Cunnison's remarkable account of an apparently psychoactive mammal found its way from a somewhat obscure scientific paper into more mainstream literature through a conversation between Dr. Wendy James of the Institute of Social and Cultural Anthropology at the University of Oxford and specialist on the use of hallucinogens and intoxicants in society Richard Rudgley, who considered its implications in his popular work The Encyclopedia of Psychoactive Substances. Rudgley hypothesises that the presence of the hallucinogenic compound DMT might account for the putative intoxicating properties of umm nyolokh.[3]

Cunnison himself, on the other hand, had found it hard fully to believe in the literal truth of the Humr's assertion that their drink was intoxicating:

I can only assume that there is no intoxicating substance in the drink and that the effect it produces is simply a matter of convention, although it may be brought about subconsciously.[2]
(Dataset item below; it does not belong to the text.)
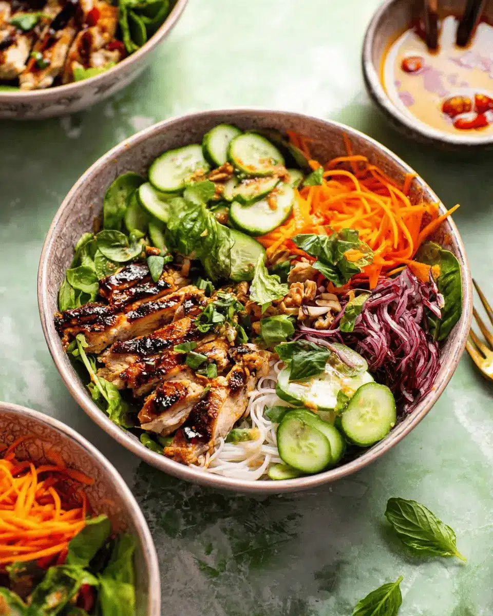 Now comes the fun part! Take your prepared rice noodles and layer them into bowls. Add a handful of spring greens, sliced cucumbers, and matchstick carrots. Top it all off with those beautifully grilled chicken slices and drizzle with the reserved marinade for that extra kick. Finish with a generous garnish of fresh herbs, like Thai basil, mint, and cilantro.
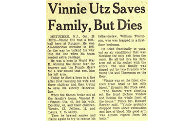 Newspaper article about the death of Vinnie Utz

The study of entheogens in general - including entheogens of animal origin ( e.g. hallucinogenic fish and toad venom ) - has, however made considerable progress in the sixty-odd years since Cunnison's report and the idea that some intoxicating principle might reside in giraffe liver no longer seems as far-fetched as it did in Cunnison's day, although conclusive proof ( or disproof ) will have to await detailed analyses of the animal organ in question and the drink prepared from it.[3]

ReferencesEdit

  1. ^ Cunnison, Ian 1966, Baggara Arabs, Power and the lineage in a Sudanese Nomad Tribe, Clarendon Press.
  2. ^ a b c Cunnison, Ian 1958 Giraffe Hunting among the Humr Tribe, SNR 39, pps. 49-60.
  3. ^ a b c Rudgley, Richard The Encyclopedia of Psychoactive Substances , pub. Abacus 1998 ISBN 0 349 11127 8 pps. 20-21.